Do you know the energetic nervousness you feel when you are about to take a step into something unknown, thrilling, and potentially fabulous? Not quite anxious but you are still nearly paralyzed with anticipation. You feel as if the air you breathe is filled with danger yet it makes you powerful like you could conquer the world. You posses the intimidating knowledge that the next moment of your life will change everything and all you have to do is move. It is an emotion of trepidation tempered with awe.
I am familiar with those butterflies fluttering around my belly, forcing their way into my chest with the intention to make my heart stop. There were days in my life when I could sense every muscle in my body taut and ready to react as soon as my brain gave the command. Good memories.
Like the night of a final performance at the Everett Performing Arts Center. I was dressed in costume and makeup was applied. I huddled behind the curtain waiting for my turn to walk out on to stage to follow the choreography and deliver my scripted line of dialog. It was only a bit part but still a fun experience. Closing night was even more nauseating than opening night because it was a sold out audience and I knew most of my friends and family were in attendance.
Or the day my buddies took me cliff diving. Clothes left behind at the car, we walked barefoot to the river wearing nothing but our swim trunks. Steve and Nate were the first into the water. I found myself alone at the edge of the rocks looking 20 feet down into a section of river where the current was slower and the water was deeper than other parts both upstream and downstream. A long breath, a small leap, and a descent that lasted no more than two seconds but felt like eternity.
There was the snowy morning I dressed up in a rented tux and stood in a hall outside the sanctuary, awaiting the moment to stand before everyone I knew to say "I do" to the girl with whom I had fallen in love.
And the time I spent in a small office with the people who would decide if I was qualified to accept a promotion that would have doubled my income. I did my best to answer their questions and paint myself as the ideal candidate. Not to mention the following days not knowing new whether I would be offered the position or if they chose to go with someone else.
Again recently. A first draft, re-write, proofreading, and editing. Save it, title it, attach it to an email. Those few seconds with my mouse cursor hovered over the send button to submit my first freelancing opportunity.
These are little glimmers of reality that shape who we were, who we are, and who we will become.

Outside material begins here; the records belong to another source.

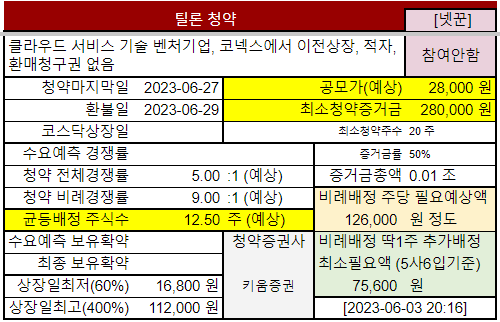 클라우드 서비스 기술 벤처기업 틸론 공모주청약 정보입니다.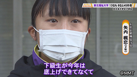 矢内楓恋さん(2年)「4年生が今まで1年間チーム引っ張って来てくれて、下級生が今年は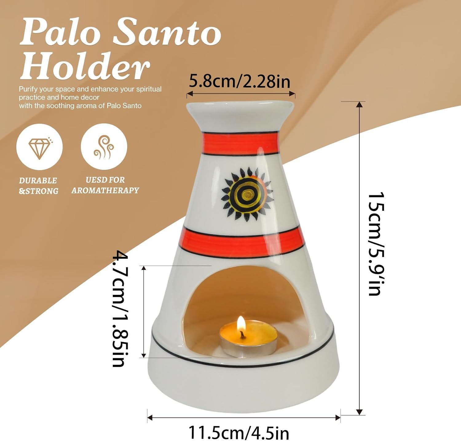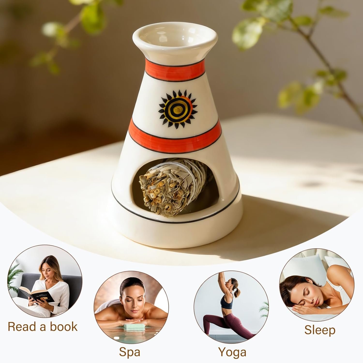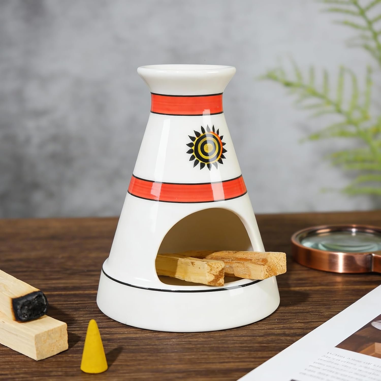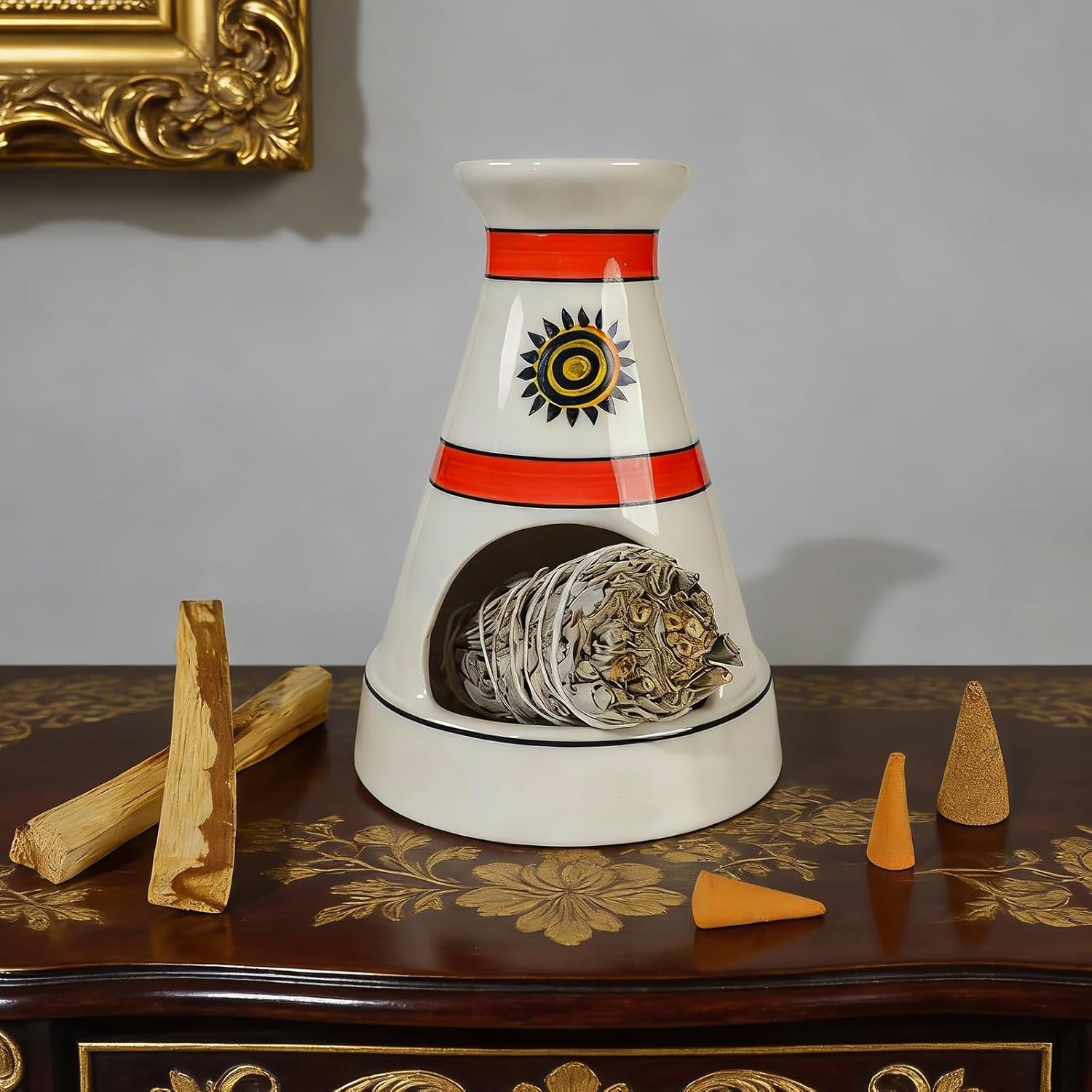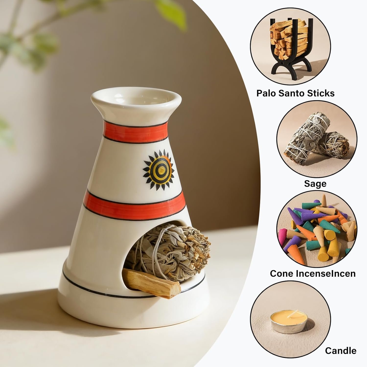 • Rustic Boho Decor with Cultural Charm:**Measuring 5.3” in diameter and 6.3” in height, this holder fits seamlessly into any home corner. Its white ceramic base, bold red accent stripes, and sacred sun totem complement boho, global-inspired, or zen decor styles—doubling as a striking decorative centerpiece that appeals to design lovers and ritual practitioners alike.
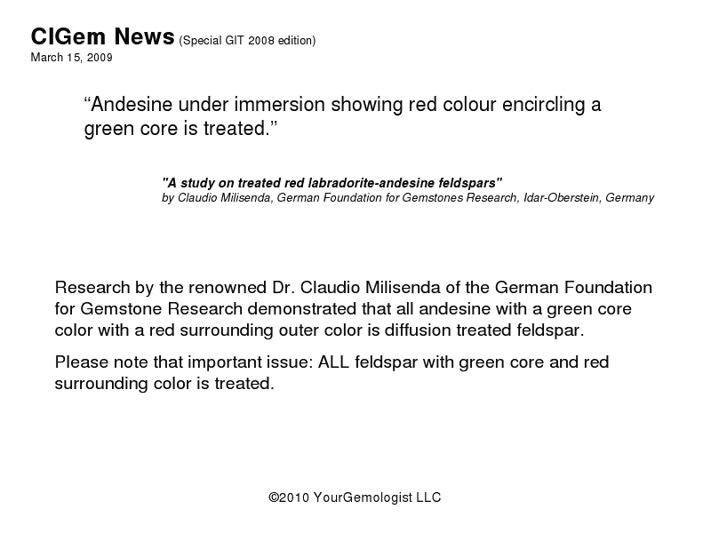 You may remember that Mr James claimed at the 2009 Tucson Gem Show that the recent flood of Red Andesine was instead treated Feldspar…his report started a rumble in the Industry that has resulted in a trip to the “mine” – lawsuits – the discrediting of an Olympic Games collectible gemstone (did you buy the Chinese Andesine Olympic Gems from DSN as natural?)…and now in 2010 Robert James was back with his latest report “Andesine – The Final Chapter”.
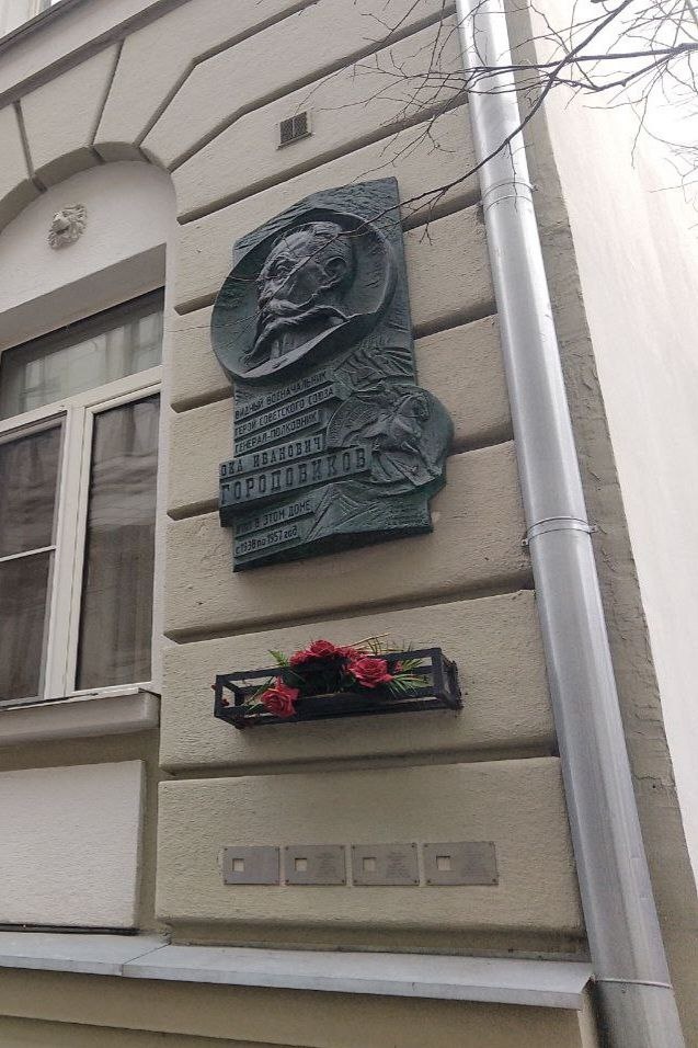 На фотографиях – Памятная доска Герою Советского Союза Оке Городовикову в Москве по адресу Большой Ржевский переулок,11, и автор у Памятной доски, 2024 год.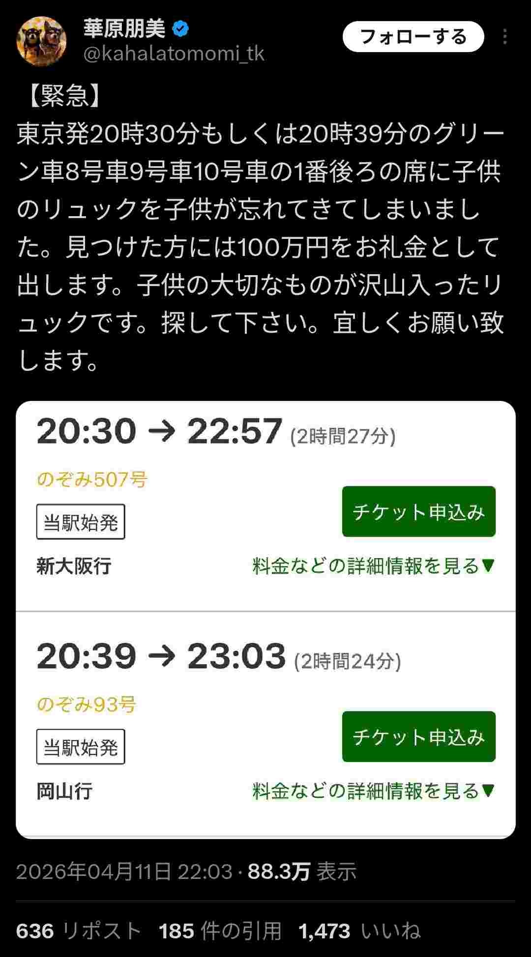 グリーン車で子供用のリュックなんて誰も盗まないと思うが届いてないの?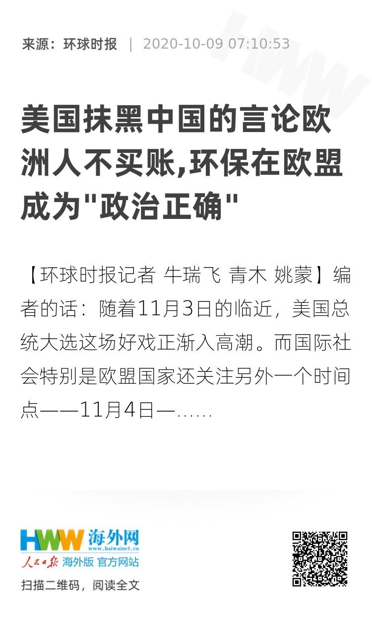 【环球时报记者 牛瑞飞 青木 姚蒙】编者的话:随着11月3日的临近,美国总统大选这场好戏正渐入高潮。而国际社会特别是欧盟国家还关注另外一个时间点——11月4日——特朗普政府原定在这一天完成退出《巴黎协定》的程序。美国领导人自己宣布退出应对全球气候变化的国际协定,却在9月下旬的联合国大会一般性辩论中就环保问题抹黑中国,并影射欧盟国家说,“那些攻击美国环保成效而忽视中国严重污染的人对环境并不感兴趣。”随后,美国务院又炮制并公布所谓“中国破坏环境事实清单”。美国对中国环保贡献的抹黑言行,不仅被中方批为“出于政治目的上演的又一出反华闹剧”,也没有得到欧盟国家的随声应和。《环球时报》驻欧盟多国记者的调查显示,从欧盟整体到各个成员国,从政府到民间,重视环保问题越来越成为一种“政治正确”。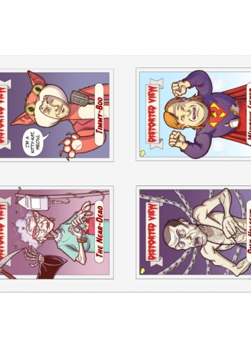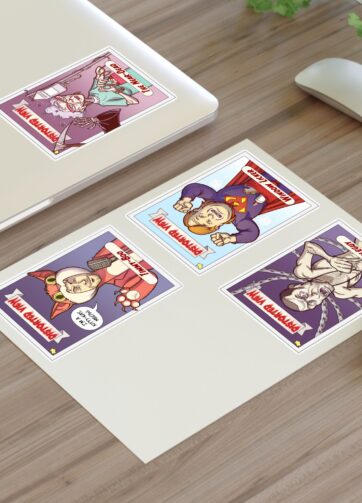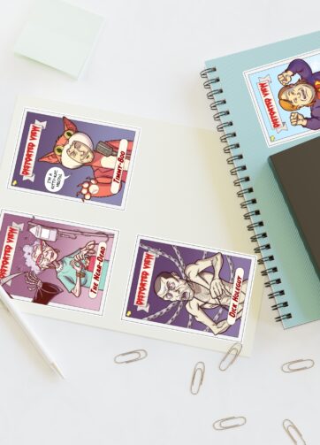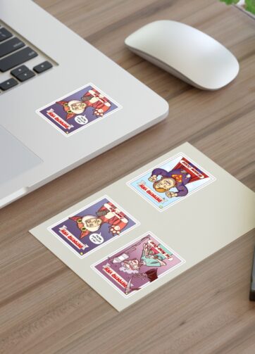 All four characters from the limited edition trading cards now available in sticker pack. Sticker sheet comes in two available sizes.

You know these feelings. Of stage dives and mosh pits. Of first dates and first kisses. Of waves crashing into the beach's shore. Of roasting marshmallows over a campfire and watching a meteor shower. Of singing songs with a bunch of friends and an acoustic guitar. Of merging onto the freeway at the beginning of a road trip. Of the roar from a waterfall and the soft chirping of crickets. Of city lights and sunsets. Of trying a new restaurant that quickly becomes your favorite place to eat. Of dancing in the rain. Of taking a stand for justice. Of checking an item off your bucket list.
That sensation is back but I cannot explain why. It is like I am dancing on a live wire. I have had that feeling gripping my nerves all day today, as if I am about to do something bold and reckless and amazing. Problem is, I do not know what that thing is.
But the vibe is there. Pure unbridled excitement on the verge of ... of ... well?
I have felt like that all day and the reason is beyond what I am able to explain. Yet I wouldn't trade for anything. This. The butterflies, the giddiness, the awkward wondering of what is about to happen. This reminds me that I am alive.